Mayor Arthur C. Harper happens to be in all sorts of trouble. He’s telling the newspapers that he has had enough of politics and won’t seek another term. The district attorney is trying to shut down the local red light district and eventually these efforts will reveal allegations of City Hall corruption involving Harper, Police Chief Kern, a police commissioner, a police captain named Broadwood and Nicholas D. “Nick” Oswald, one of the biggest leaders of the city’s underworld.
The 1909 Broadwood case is complicated (he was found not guilty, by the way, despite accounts of payoffs from the earnings of Los Angeles bordellos) and in researching the mayor’s life, I came across the following incident.
The word “homosexual” is a rarity in The Times, appearing exactly twice in editorial content between 1900 and 1940: a 1912 review of “The Candle and the Flame” by George Sylvester Viereck; and a 1939 health column by Dr. William Brady.
So what does the paper do when “purity squad” raids the former mayor’s home, 1128 W. 28th St.? Like this, from Feb. 1, 1920:
“Twenty Los Angeles men, some said to be prominent in social and business circles, were arrested last night by police at a stag party in the home of former Mayor Harper and were booked at the police station on the charge of social vagrancy.

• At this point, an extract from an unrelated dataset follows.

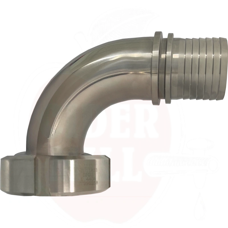 En DIN-standardiserad vinkel i rostfritt stål av hög kvalitet, speciellt utformad för slanganslutningar. Denna hållbara komponent är idealisk för juice- och vätskeindustrin och garanterar en säker och hermetisk anslutning.
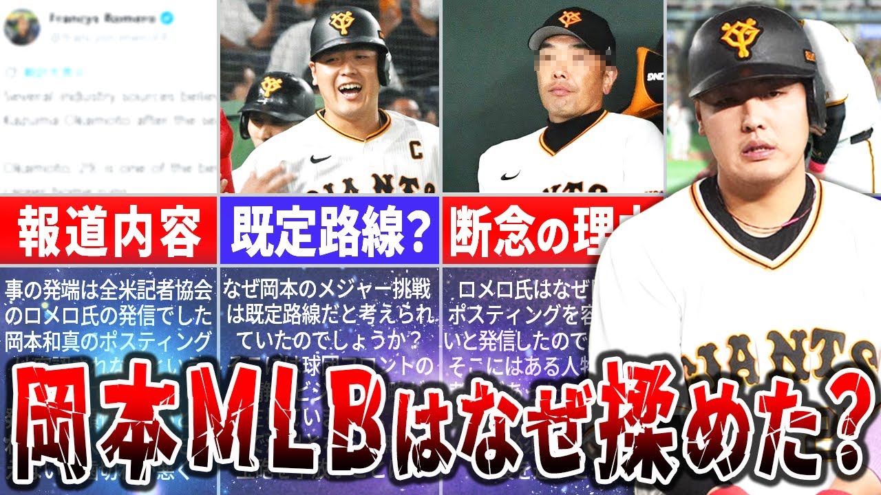 読売りジャイアンツの手法岡本和 2025年オフ彼のポスティングによる メジャーリーグ挑戦はファンもメディアも もはや規定路線と確信していました。 しかしシーズンが終わりその時を待つ ばかりだったタイミングで全てが拍紙に なるという衝撃的な報道が飛び込んでき ました。さらにその報道の後巨人は会見を 開き本のポスティングを容認することを 発表。なぜここまで来て情報が2.3点し たのでしょうか?今回は岡本和がメジャー 挑戦が2.3点した。その知られざる真層 に迫ります。 [拍手] ことの発端は全米野球記者協会に所属する フランシスロメロ記者が自身のSNSに 投稿した1つのポストでした。複数の関係 者によると読み売りジャイアンツは シーズン終了後、サード県ファーストの 岡本をポスティングしないと考えている。 29歳の岡本は通算248ホームランを 記録する日本野球会を代表する強打者の 1人。たったこれだけの短い文章。しかし その衝撃は日米の野球会をまた琢磨に か駆け巡りました。なぜなら岡本和の メジャー挑戦はもはや時間の問題と考え られていたからです。アメリカのメディア では彼の名前はヤクルト村上孝と並び、 このオフの目玉選手として連日のように 報じられていました。ヤンキース、レッド ソックス、フィリーズ、そしてマリナーズ 。具体的な球団名まで上がり、獲得競争は 必死と見られていたのです。そんな中で 訪れた突然のポスティング見送り報道。 ロメロ記者の情報はその信頼性の高さから 単なる噂では片付けられません。アメリカ のメディアも 日本の一流打者がFA史場から外れること になった岡本を獲得するチャンスを伺って いたメジャーリーグチームにとって悪い 知らせだと驚きを持ってこのニュースを 伝えました。もちろんこれはまだ正式な 発表ではない状態でのポストでした。 しかし、過中の岡本和本人もまたそのはれ の悪いコメントでこの報道の心憑性を皮肉 にも高めてしまうことになります。球団の 許可が必要なもので僕が同行できる話じゃ ないので何とも言えないです。行きたいと も行かないとも岡本の口からは聞こえてき ません。ただ自分の意思だけではどうにも ならないという無力感をにせたこの言葉は 彼の夢の前に大きな壁が立ちかっている ことを暗示しているようでした。このオフ 日本人選手のメジャー挑戦は1台トレンド となっています。ヤクルトの村上孝を筆頭 に西武からは高橋コーナと今達也のダブル エースが挑戦を表明い阪神の若きエース木 ヒや楽天の本高弘と辰涼介も海を渡る可能 性が報じられています。これだけの選手 たちが次々と夢への挑戦を決意する中で なぜ岡本和はその扉を閉ざされると報道さ れたのでしょうか?ホームランを3回、 打点を2回に加え、ベスト9を2度、 ゴールデングラブ賞を3度受賞した日本を 代表するスラッカーであり、WBCでも 打率3割3部3輪、2ランと活躍して、 その評価は世界的なものになっていました 。年齢も29歳とまさにキャリアの絶調期 。これ以上ないタイミング。いや、絶対に 逃すことができないというタイミングでの 挑戦。それにも関わらずなぜ彼の夢は突如 として打ち砕かれようとしていたの でしょうか。その裏には私たちファンには 図り知れない複雑な大人の事情がうまいて いたのです。 なぜ岡本和のメジャー挑戦は土タ場で暗証 に乗り上げたと思われたのでしょうか? その複雑に絡み合った意図を解きほぐして いくと1人の男のチームの未来と自らの 身体をかけた強固な意思が浮かび上がって きました。その男の名は安倍慎之助。 読み売りジャイアンツの第20代監督です 。彼が球団の手法であり、守備でも高い 貢献をする岡本の流出になぜこれほどまで に強く、そして片くに反対したのか。その 理由は表向きには至ってシンプルです。 2026年シーズン絶対に何があっても 優勝するため2025年のジャイアンツが いかに岡本和という1人の選手に依存して いたか。その事実はシーズンを詳細に 振り返れば火を見るより明らかです。4月 終了時点では晩弱の戦いぶりで首を回送し ながら5月諸順に岡本が守備での工作 プレイにより無年の先戦離脱をすると チームはまるで魂を抜かれたかのように 急止失速しました。さらに勝負どころの夏 以降には先発投手人がそう崩れとなり、 最終的には屈辱の3位クライマックス シリーズでもいいところなくあっけなく 敗退しました。このあまりにも分かり やすい失速劇が物語るのは今の ジャイアンツに岡本和の光継者と呼べる 存在が誰1人として育っていないという あまりにも厳しくそして情けない現実です 。そんな脆弱なチーム状況で打線をほぼ1 本で支えている太い大国柱であり的支中で もある手法を失うことになれば来シーズン の優勝など夢のまた夢になってしまいます 。安倍監督がチームの尊望をかけて彼の 流出を断固として阻止しようとするのは 監督として4国当然の判断と言える でしょう。しかし彼の強高な反対の裏には もう1つ単

“Seven of the men, including the host, Joseph Harper, 24 years old, are alleged by the officers making the raid to have been gowned in feminine apparel.”
After a few paragraphs, the paper says: “According to Police Sergeant Gifford and the officers of the ‘purity squad’ who conducted the raid, a degenerate orgy was in progress when they entered the house.”
The men were taken to jail as they were dressed, meaning that some of them spent the night in women’s clothing. Early the next morning, The Times says, the dresses were taken into evidence, so some of the men were given bathrobes and others draped themselves with jail blankets. Of the 16 arrested, four were released to the Navy (they were in uniform, The Times said) and eight were held in custody because they tested positive “for infectious disease.” And yes, their names or pseudonyms, addresses and occupations were published.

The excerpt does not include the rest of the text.